[Collected data]
--- START ---

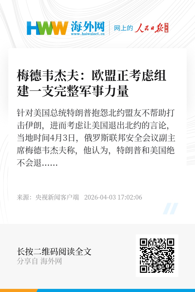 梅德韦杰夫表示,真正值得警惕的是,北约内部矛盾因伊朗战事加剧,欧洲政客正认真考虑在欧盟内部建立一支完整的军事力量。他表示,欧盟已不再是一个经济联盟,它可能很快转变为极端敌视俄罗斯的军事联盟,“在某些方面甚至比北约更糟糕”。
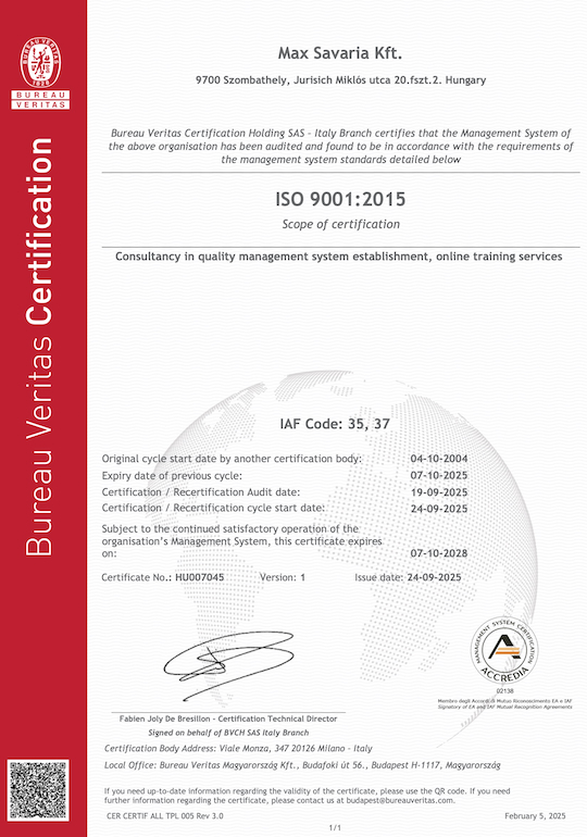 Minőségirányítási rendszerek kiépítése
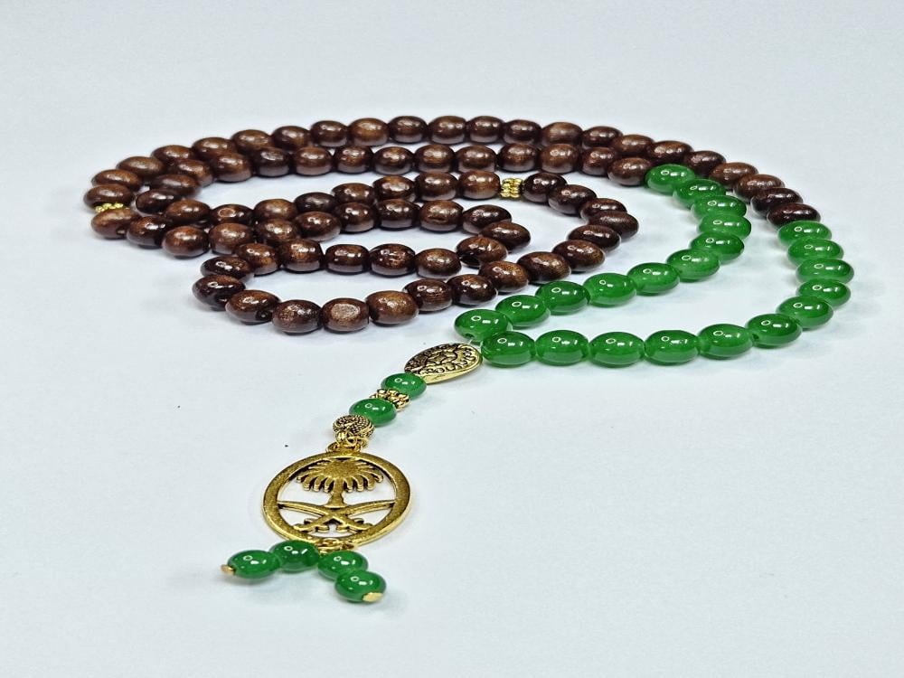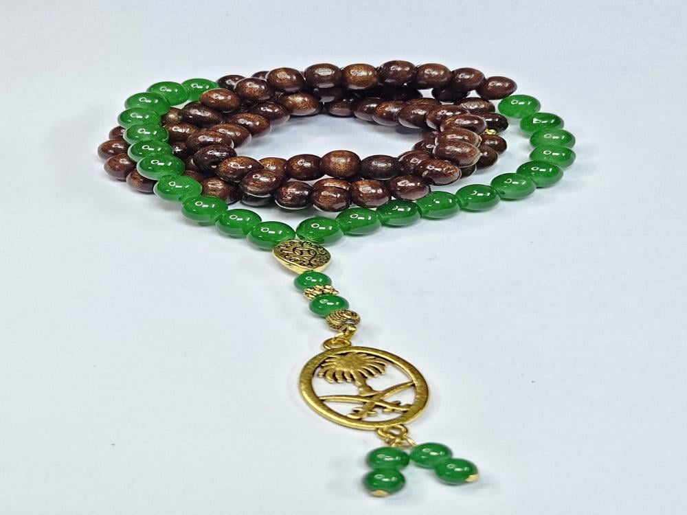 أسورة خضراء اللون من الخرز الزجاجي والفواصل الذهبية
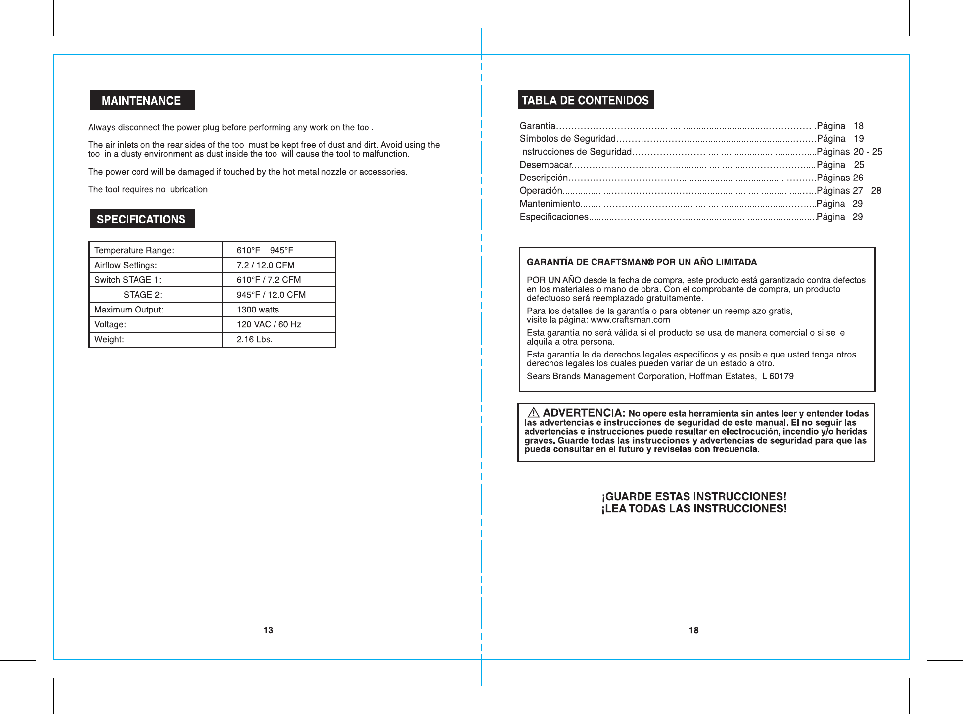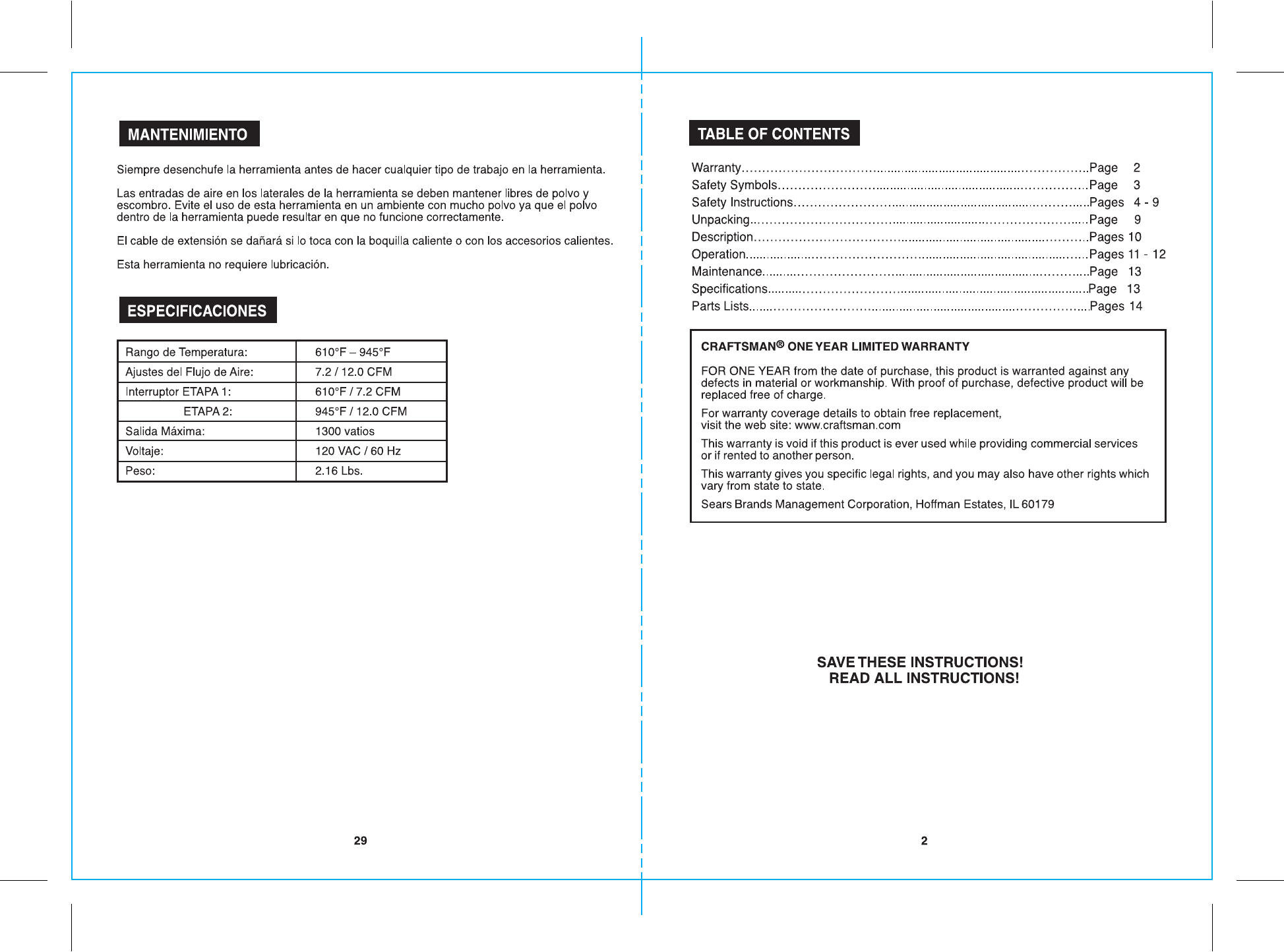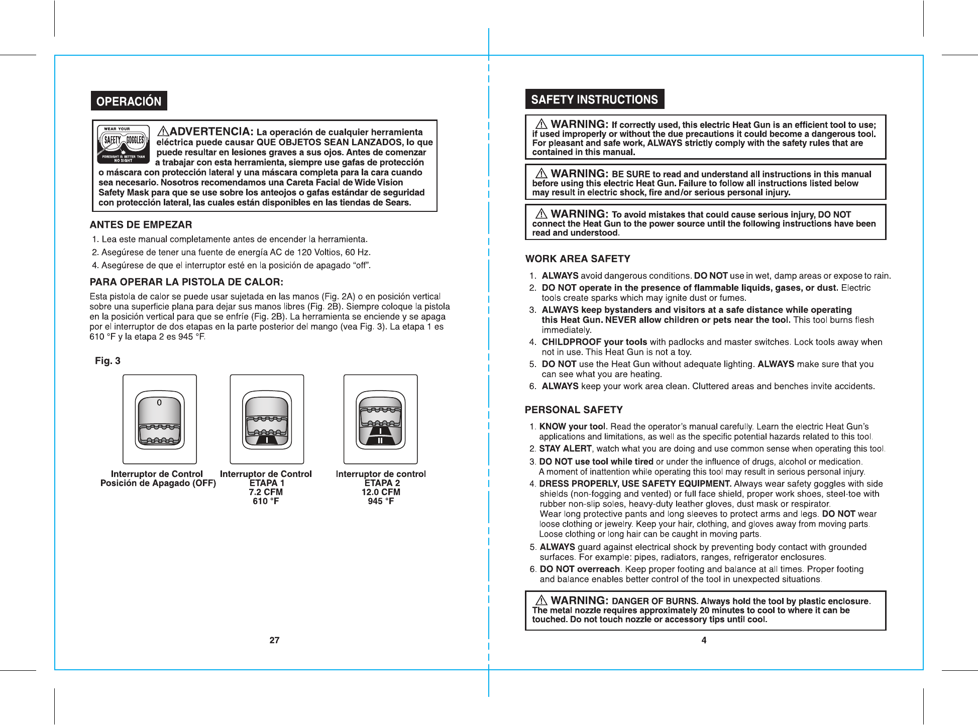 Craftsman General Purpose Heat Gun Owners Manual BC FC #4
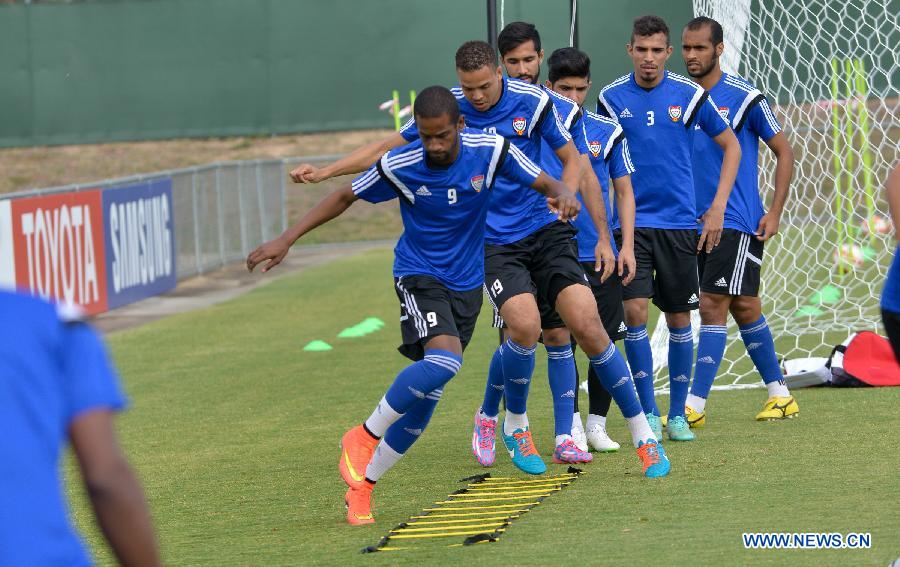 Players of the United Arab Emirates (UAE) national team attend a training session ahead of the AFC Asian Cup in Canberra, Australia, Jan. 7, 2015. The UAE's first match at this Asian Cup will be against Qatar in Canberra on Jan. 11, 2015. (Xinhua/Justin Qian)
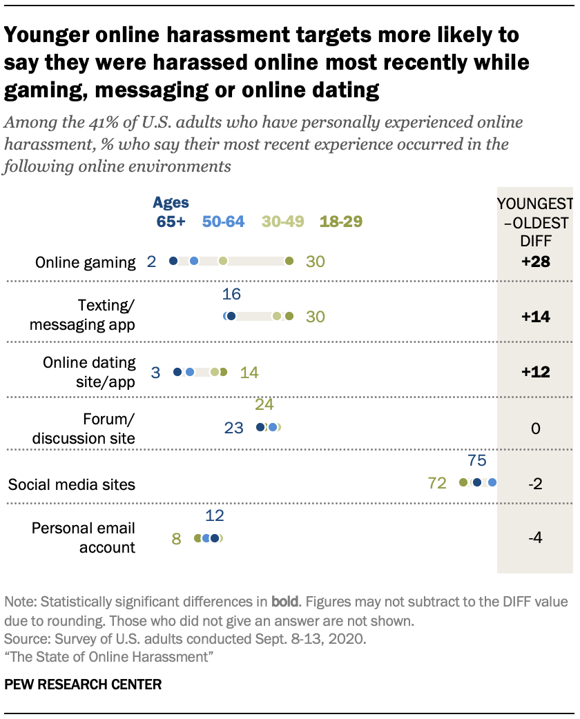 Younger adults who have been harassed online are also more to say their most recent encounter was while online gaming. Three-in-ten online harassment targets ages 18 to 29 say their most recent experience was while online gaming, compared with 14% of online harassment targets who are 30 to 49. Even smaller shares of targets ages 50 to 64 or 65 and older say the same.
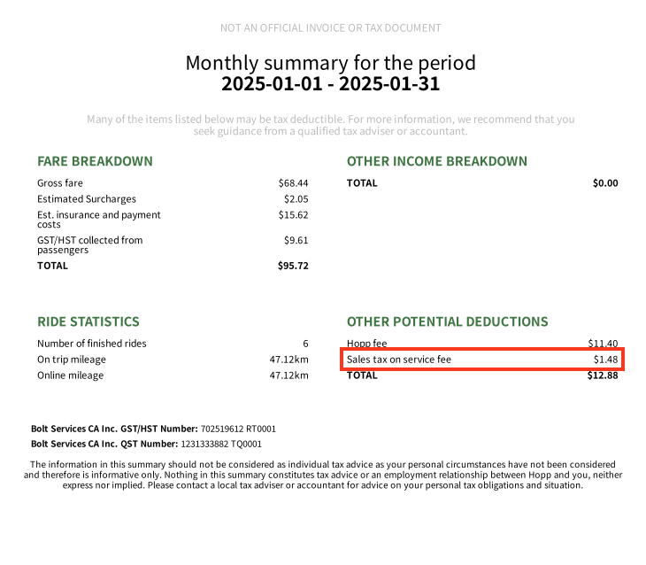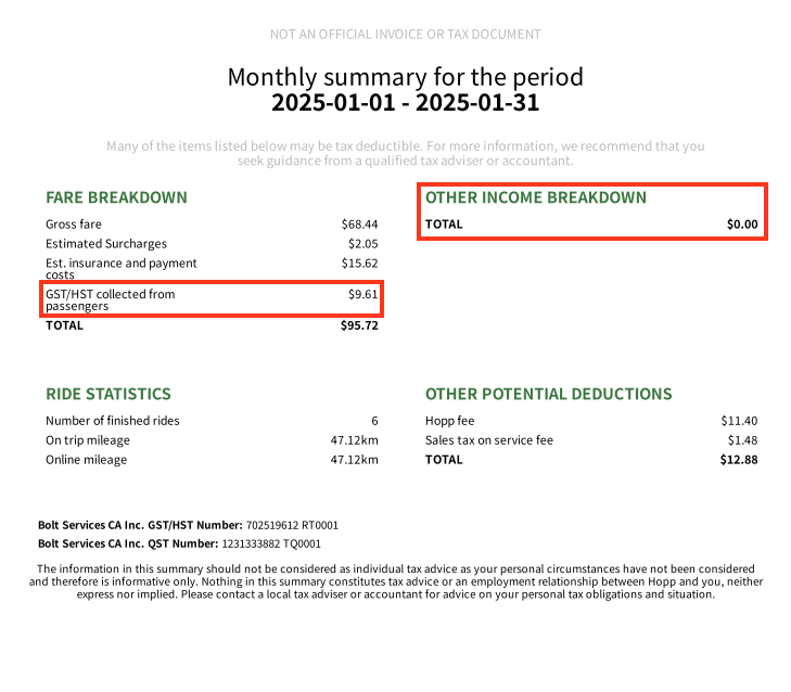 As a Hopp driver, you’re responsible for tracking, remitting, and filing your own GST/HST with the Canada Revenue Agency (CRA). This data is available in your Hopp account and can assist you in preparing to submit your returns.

--- END ---

> **EXERCISE BRIEF**: Output the lines of the data exactly, starting at the first and ending with the line that has "أسورة خضراء اللون". Pictures are not part of it.

> **RESULT FOR THIS TASK**:
 梅德韦杰夫表示,真正值得警惕的是,北约内部矛盾因伊朗战事加剧,欧洲政客正认真考虑在欧盟内部建立一支完整的军事力量。他表示,欧盟已不再是一个经济联盟,它可能很快转变为极端敌视俄罗斯的军事联盟,“在某些方面甚至比北约更糟糕”。
 Minőségirányítási rendszerek kiépítése
 أسورة خضراء اللون من الخرز الزجاجي والفواصل الذهبية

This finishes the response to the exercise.